Actigraphy has become an innovative approach to depression monitoring within the growing field of e-health, with strong evidence showing its validity and reliability to monitor clinical course in patients with depression on the basis of activity records. However, the novelty of actigraphy use in clinical settings raises methodological issues to be addressed in future research. First, evidence-based clinical guidelines for the use of actigraphy are still lacking6,14. Second, follow-up studies are needed to correlate actigraphy data with relevant clinical outcomes, such as response to treatment21,41 or suicidal behaviour38 across diagnoses. Third, although our patients showed high levels of acceptability, predicting compliance with actigraphs remains to be investigated. For instance, mobile phone-based ecological momentary assessment (EMA) may increase compliance rates42, particularly among young patients43. Finally, further mathematical methods may shed some light on the relationship between day-time activity and sleep records and how this may impact on relevant clinical outcomes, such as relapses and/or suicidality33. In keeping with this, we applied an existing mathematical model (HGP)31 to investigating the extent to which motor activity could predict hospital discharge date in a sample of depressed inpatients. The study mathematical methodology approach was novel, namely Leave-one-Out validation.

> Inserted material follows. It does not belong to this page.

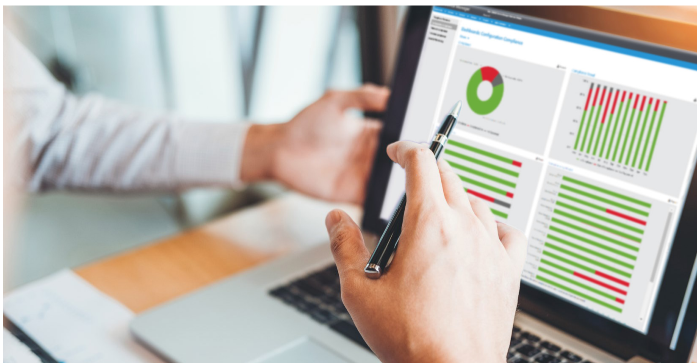
Service d'audit de la sécurité des imprimantes de Xerox

La sécurité intégrale couvre tous les aspects des services de gestion déléguée des impressions, notamment ses outils connectés et ses analyses, de sorte que vous pouvez être sûr d'être conforme et protégé. Une combinaison intégrée des éléments hébergés par le client sur site et par Xerox offre la flexibilité et la connectivité sans compromettre la sécurité.

From a clinical perspective, we managed to predict hospital discharge on the basis of early motor activity data by using this Machine Learning technique, which has not been tested to date.

Final remarks

Hence, not only this study has replicated the usefulness and applicability of actigraphy recording as a valid tool to objectively monitor clinical course in inpatients with depressive disorders, but also two clinically relevant findings emerged from this investigation, which add to previous research in this area. First, recording of motor activity with actigraphs appears to reflect patient clinical improvement over the inpatient episode. Second, early activity records may aid in estimating hospital discharge.